- Exercise instructions
From the line that contains "麓山文化園建筑工程設(shè" to the final line below, both included, print each line exactly and skip the pictures.

- Data below

=== Section Start ===

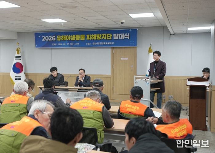 춘천시는 27일 시청 다목적회의실에서 2026년 유해야생동물 피해방지단 발대식을 열었다. 이날 발대식은 신규 위촉된 방지단과의 간담회를 비롯해 안전교육 홍보물을 배부했다.
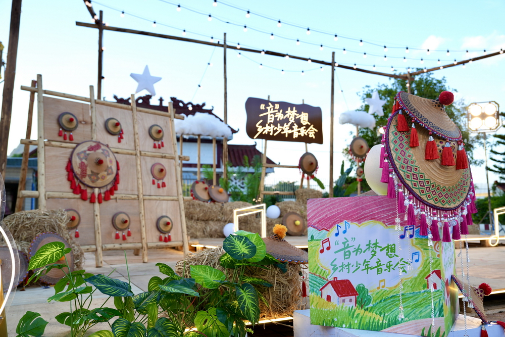 金秋的毛南山乡,稻浪翻涌着清甜,远处动车“呜呜”驶过田埂,把金色稻穗晃得更欢;村口老铜鼓的纹样映着暖阳,连风里都裹着乡土的香。10月16日傍晚,河池市环江毛南族自治县下南乡中心小学的操场上,20顶花竹帽悬在舞台上空,6顶傩面纹样投影在背景板上,广西电视台《我是接班人》“音”为梦想摄制组携手师生,把4天非遗研学、音乐课堂的收获,酿成一场满是“毛南味儿”的乡村少年音乐会。近千名村民搬着小板凳围坐,童声、笑声、掌声混着稻花香,在山谷间绕了一圈又一圈。
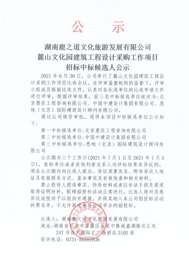 麓山文化園建筑工程設(shè)計(jì)采購(gòu)工作項(xiàng)目招標(biāo)中標(biāo)候選人公示
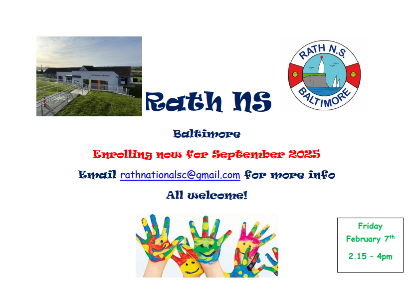We are now enrolling for the school year 2025/26. We would like to invite you and your child to visit our school on Friday, February 7th between 2.15 – 4pm. You can either enrol on the day or take a form away with you for completion at home.

=== Section End ===

- Answer box
 麓山文化園建筑工程設(shè)計(jì)采購(gòu)工作項(xiàng)目招標(biāo)中標(biāo)候選人公示
We are now enrolling for the school year 2025/26. We would like to invite you and your child to visit our school on Friday, February 7th between 2.15 – 4pm. You can either enrol on the day or take a form away with you for completion at home.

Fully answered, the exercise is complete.